Ve bütün bunlardan sonra Kılıçdaroğlu’nun 8.5 ay sonraki yerel seçim için İstanbul’da adayı yine de Ekrem İmamoğlu imiş!
"Bir şey olmamış gibi" yani…
Seçim bile olmamış ve kaybedilmemiş gibi hatta! Kılıçdaroğlu öyle olmasını istiyor en azından. Gel gör ki olmuyor, olamıyor…
***
CHP’de bütün bunlar olurken, memlekette neler oluyor peki?

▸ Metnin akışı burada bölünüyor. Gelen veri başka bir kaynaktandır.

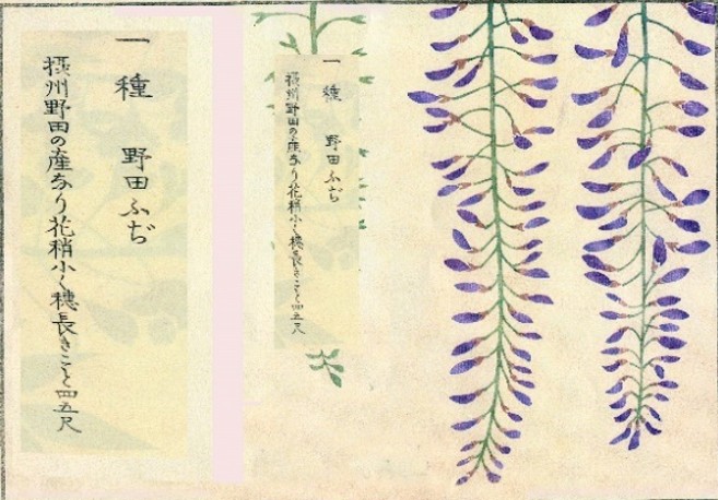 「摂津野田の藤は長さ四、五尺に至る。常の藤とは別なり、また花大にして短きものあり、また色ふじあり。」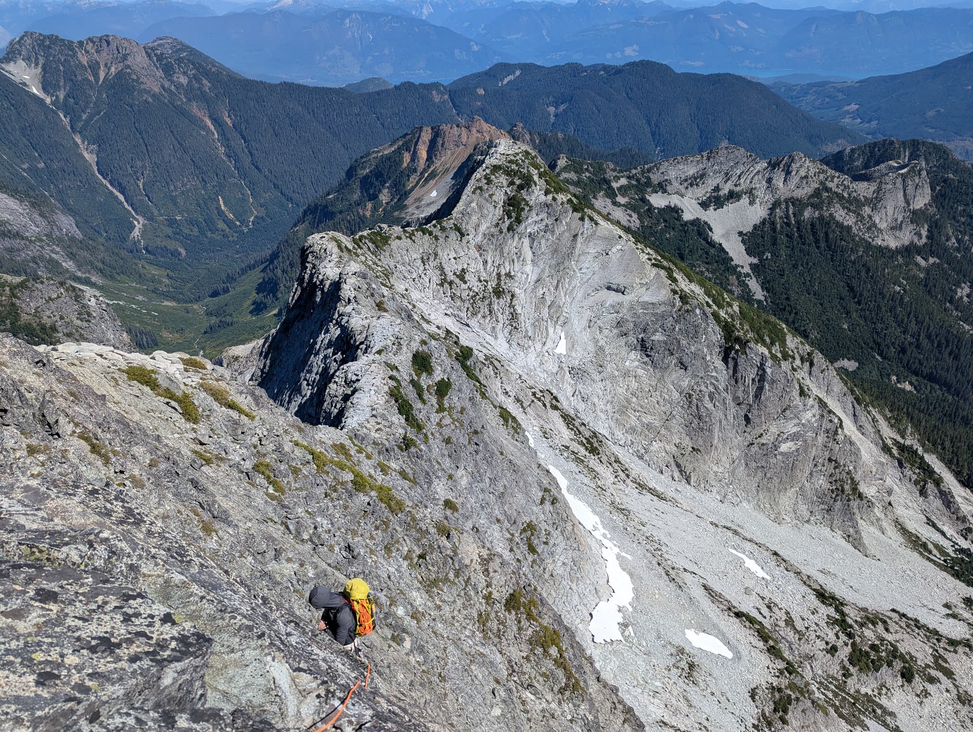 From there, we did two easy pitches up Clarke before putting the rope away and enjoying some fun scrambling on great rock up to the summit. Views were fantastic, but it was feeling insanely hot, even hotter than yesterday. We quickly started descending the SE Spur until about 2030m, at which point one can drop skiers left / south down some easy ramps onto a large bench, from which an established rap station will deposit you in the upper cirque via a ~20m rappel. We donated some new tat + a ring to this station.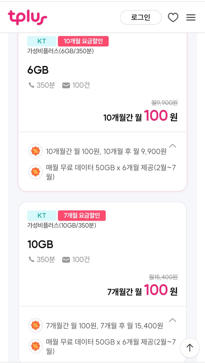 다른 요금제를 찾아보니 더 좋은 것도 있네요!

CHP Parti Meclisi’nin gece yarısını geçen toplantısı bittikten birkaç saat sonra Akbelen’de Limak-IC ortaklığı ile maden sahasını genişletmek üzere köylüleri ve çevrecileri coplayarak, gazlayarak, gözaltına alarak ağaç kesimi yapılmaya çalışılıyor.
Urfa’da hak ettikleri ücretlerini istedikleri için işten atıldıkları bildirilen DEDAŞ işçileri iş yerlerine alınmıyor.
Son zamlardan sonra mazot alamayan çiftçi ektiğini söküyor.
TMMOB’un mimar, mühendis ve şehir plancılarının asgari ücretini belirleme yetkisi elinden alınıyor.
Amasra’daki maden kazasından canını kurtarabilen işçi mahkemede ‘üretim baskısı altındaydık' diyor.
Kürtçe’nin ‘dil hakkı’ için İstanbul’dan Ankara’ya yapılmak istenen yürüyüşe izin verilmiyor.
İnternete yüzde 70 zam geliyor.
İlaca zam geliyor ama yine de ‘bulunamaz’ olacağı söyleniyor!
Ve bu saydıklarımız sadece bir gün içinde oluyor. Bir tek gün içinde…
Bütün bunların olabilmesinde muhalefetin ana gövdesi CHP’de olup bitenlerin hiç mi etkisi yok acaba?
***
Şu sorulabilir: CHP seçimden önce bu konularda ne yapıyordu ki şimdi şu haliyle ne yapsın?
Doğrudur, CHP sokaktaki derde ve itiraza o zaman da mesafeliydi, işte 'o gün’le ‘bugün’ arasında değişmeyen bir başka şey daha!
Ancak o zaman CHP bir şey diyordu: Seçimi bekleyin, onları sandıkta götüreceğiz. Bugün onu da diyemiyor, demesinin bir anlamı kalmadı yani. Kemal Kılıçdaroğlu bunun sorumluluğunu tek başına üstlenip seçim biter bitmez istifa etmediği için muhalefet cephesindeki bütün önemli aktörlerin yıpranma sürecini de başlatmış oldu. “Yıpranmaya en dayanıklı olan ayakta kalsın” diyor gibi.
Ne pahasına?
Sadece iktidarın verdiği ile yetinen, muhalefetten umudunu hepten kesmiş, verilenin yetmediği yerde bir sonraki ücret zammını bekleyen, elindekine razı gelen bir toplum inşasına hizmet ediliyor olmasına rağmen mi mesela?
Ya da şöyle soralım: ‘Uzaydaki’ yerine gerçek bir muhalefet odağı ortaya çıksa CHP’nin bu kadar gündem olması mümkün olur muydu?